This repository contains experiments with PiHut's 3D Xmas Tree. For detailed C4 style architecture documentation of the offline voice-controlled system, see ARCHITECTURE.md. For development guidance, see CLAUDE.md. See my Substack post here for more details on how the offline version was built.

The project includes three main scripts:

  • my-tree.py: A simple disco tree that gently pulses through different hues in a slow, colorful pattern. The LEDs cycle through colors in a variable pattern that can't be changed.

  • my-voice-tree.py: A cloud-based voice-controlled tree that uses AWS Transcribe for speech recognition. You can change the lights by speaking commands like "christmas tree blue|red|green|white", "christmas tree phase" to cycle through LED hues, or "christmas tree disco" to revert to the disco pattern. The tree can also speak using "christmas tree speak" (plays the speech.mp3 file) or "christmas tree generate" (plays the speech.mp3 file). See it in action here. Note that running this script over an extended period can be expensive.

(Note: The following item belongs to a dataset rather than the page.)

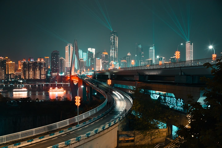在重庆,千厮门大桥的江北桥头,下桥的匝道转了个弯,和笔直的大桥形成搭配,桥下的轻轨站发出的蓝光正好与远处的建筑物的灯光呼应,所以这里也是一个网红机位。
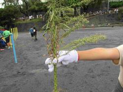 敷地内では技術員が樹木の枝の剪定をしました。子どもたちは地面に落とされた枝を興味深く見ていました。

  • offline_voice_tree.py: A modern, offline alternative that runs entirely on the Raspberry Pi without any internet connectivity or AWS services. Uses Vosk for offline speech recognition and either piper or pyttsx3 for local text-to-speech, so your festive light show works without requiring a network connection or incurring cloud charges unless you want to use the new joke or flatter commands. Perfect for standalone installations or when you want to avoid cloud dependencies.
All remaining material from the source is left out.